Evaluating the Parser
This part is a little bit trickier. Let’s say you need to find out how well the parser is doing. One common tool for determining this is called evalb. The reason this is tricky is because you need a set of test sentences that are already parsed according to the formalism used by your parser. The parses output by the Stanford Parser look like this:
(ADVP (RB Now))
(VP (VB go)
(VP (VB subscribe)
(PP (TO to)
(NP (PRP$ my) (NN feed)))))
So you have to hand-annotate some number of sentences yourself. I’d recommend you take a look at the manual for the Penn Treebank and the tagging guide. Nothing is ever easy, right? So once you have hand-coded annotations and the output from the Stanford Parser, you will need to create two files. The gold standard file contains your hand-coded annotations. The test file contains the output of the parser. You have to remove all the line breaks from the files so that there is only one parse per line. Then you can run evalb using the following command:
evalb -p new.prm gold.txt test.txt
I know this works for Linux. I think it works for Windows as well, but you might have some trouble compiling it.

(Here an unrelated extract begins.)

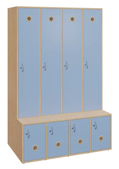 SBS-3333 šatní skříň 9-boxová, 1800x900x400 mm, kovové nohy, korpus buk royal, dvířka blankyt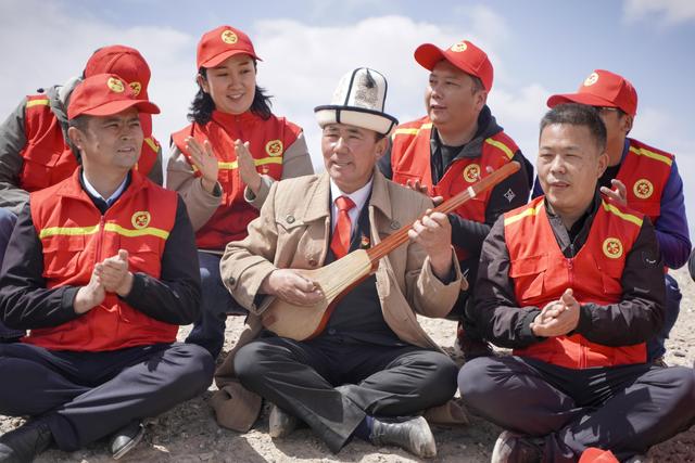 牧民阿布都加帕爾·猛德(中)和當(dāng)?shù)攸h員干部一道過主題黨日活動(2022年4月16日攝)。新華社發(fā)(艾買提江·艾則木 攝)

The output of the evaluation tool will tell you things like bracketing precision, bracketing recall, bracketing f-measure, number of crossing brackets and tagging accuracy. Check out the Wikipedia article on Information Retrieval for information about precision, recall, and f-measures. What is being evaluated here is how often the brackets predicted match what the brackets actually should be. Tagging accuracy is the accuracy of the parser in choosing the correct part of speech for each word.
More on Trees
Another tool you can use to create trees from the bracketed output of a parser (perhaps to help you write your gold standard files for evalb) is the phpSyntaxTree project. While you can’t use the parantheses from the parser output, it’s an easy thing to substitute square brackets. The output is a nice, clean tree.
[S [NP [DT The] [NN output]] [VP [VBZ is] [NP [DT a] [ADJP [JJ nice] [, ,] [JJ clean]] [NN tree]]] [. .]]
I have gone through the trouble of posting this tutorial because I hope I eventually help someone trying to explore the interesting world of parsing. If you find any parts of the tutorial confusing, wrong, outdated, or have any other questions, please leave me a comment. I expect I have made at least a few mistakes in my description. Please let me know, no matter how minute.